§ **AIM OF THE EXERCISE**: Below are the records; give again exactly the line with "Sevgi Tunik Kolye Hediyeli Kahve Kahverengi", the line with "隊列を一斉に変化させています。一発ではなかなかそろいません。(T ^ T)", and each line that lies between them, and nothing besides.

§ **EXCERPTED DATA**:

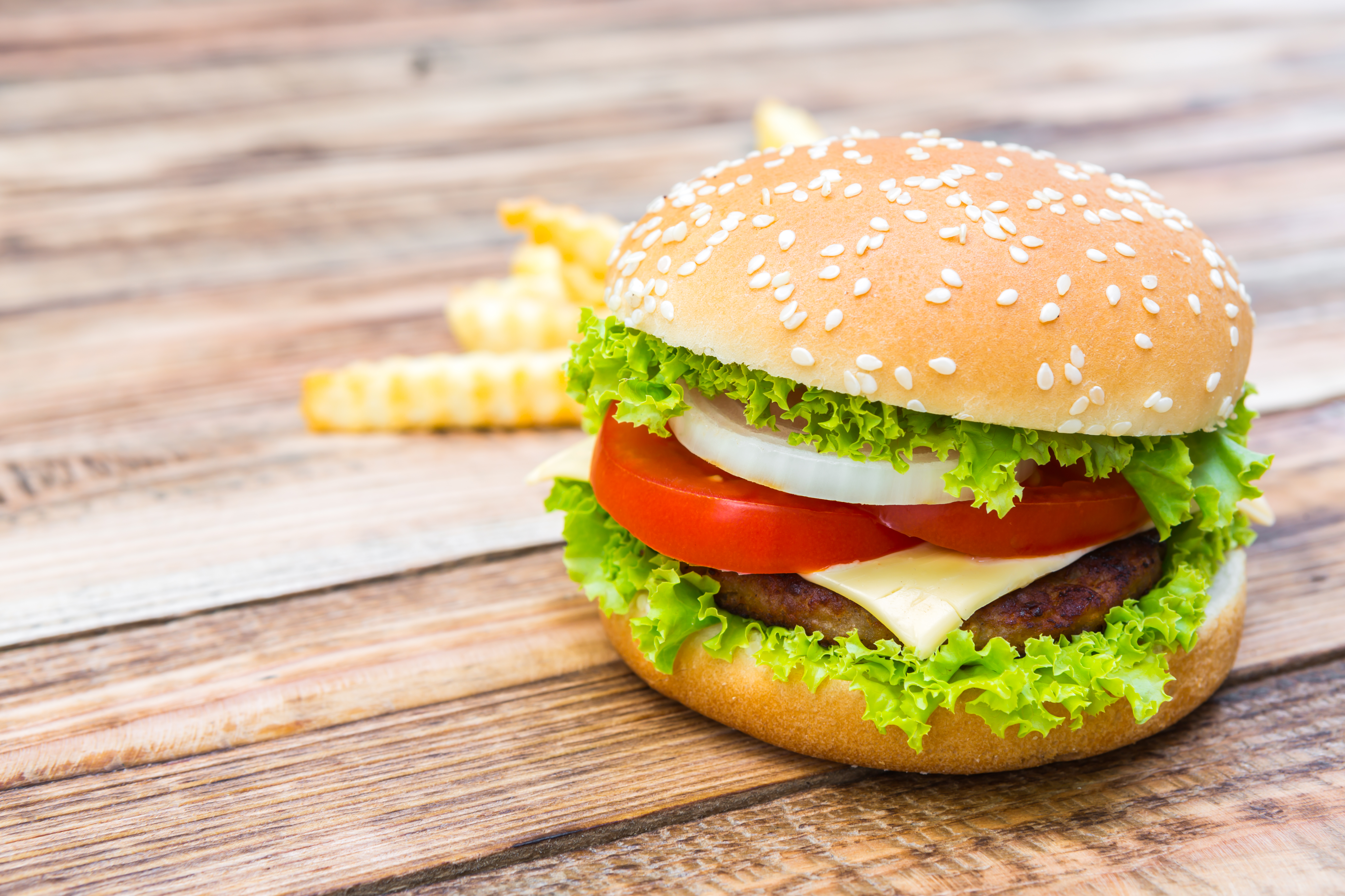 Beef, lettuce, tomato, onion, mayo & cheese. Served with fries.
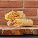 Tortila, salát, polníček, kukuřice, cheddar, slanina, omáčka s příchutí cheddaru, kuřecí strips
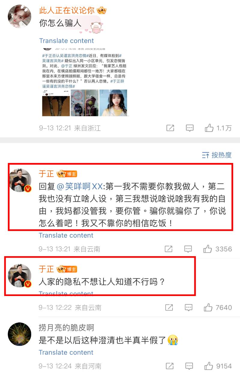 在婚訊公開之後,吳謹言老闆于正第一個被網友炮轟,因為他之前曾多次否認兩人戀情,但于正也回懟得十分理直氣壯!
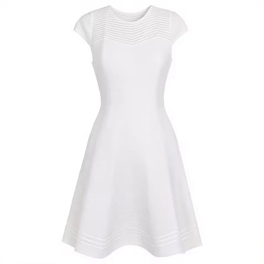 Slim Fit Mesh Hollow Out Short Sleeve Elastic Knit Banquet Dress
...
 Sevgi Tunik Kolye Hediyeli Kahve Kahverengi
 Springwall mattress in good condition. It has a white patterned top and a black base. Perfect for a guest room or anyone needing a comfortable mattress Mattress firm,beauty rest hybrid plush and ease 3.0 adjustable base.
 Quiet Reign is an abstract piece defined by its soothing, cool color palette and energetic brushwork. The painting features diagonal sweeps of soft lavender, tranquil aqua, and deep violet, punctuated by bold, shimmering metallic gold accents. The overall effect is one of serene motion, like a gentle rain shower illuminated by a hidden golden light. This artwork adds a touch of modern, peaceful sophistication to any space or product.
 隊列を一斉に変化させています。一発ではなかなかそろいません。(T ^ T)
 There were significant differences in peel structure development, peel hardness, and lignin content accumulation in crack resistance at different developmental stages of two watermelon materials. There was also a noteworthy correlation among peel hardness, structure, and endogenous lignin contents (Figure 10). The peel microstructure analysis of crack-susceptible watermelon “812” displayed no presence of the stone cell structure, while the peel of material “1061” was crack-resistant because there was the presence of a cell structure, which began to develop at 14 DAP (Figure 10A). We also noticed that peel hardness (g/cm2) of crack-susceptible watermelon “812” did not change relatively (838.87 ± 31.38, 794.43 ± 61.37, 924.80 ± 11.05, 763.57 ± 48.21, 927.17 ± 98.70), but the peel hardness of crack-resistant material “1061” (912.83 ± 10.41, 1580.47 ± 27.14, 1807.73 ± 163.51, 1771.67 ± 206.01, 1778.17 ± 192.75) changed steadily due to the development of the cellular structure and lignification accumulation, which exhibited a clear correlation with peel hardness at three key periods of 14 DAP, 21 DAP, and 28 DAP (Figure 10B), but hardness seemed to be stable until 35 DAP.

§ **RESPONSE TO THE EXERCISE**:
 Sevgi Tunik Kolye Hediyeli Kahve Kahverengi
 Springwall mattress in good condition. It has a white patterned top and a black base. Perfect for a guest room or anyone needing a comfortable mattress Mattress firm,beauty rest hybrid plush and ease 3.0 adjustable base.
 Quiet Reign is an abstract piece defined by its soothing, cool color palette and energetic brushwork. The painting features diagonal sweeps of soft lavender, tranquil aqua, and deep violet, punctuated by bold, shimmering metallic gold accents. The overall effect is one of serene motion, like a gentle rain shower illuminated by a hidden golden light. This artwork adds a touch of modern, peaceful sophistication to any space or product.
 隊列を一斉に変化させています。一発ではなかなかそろいません。(T ^ T)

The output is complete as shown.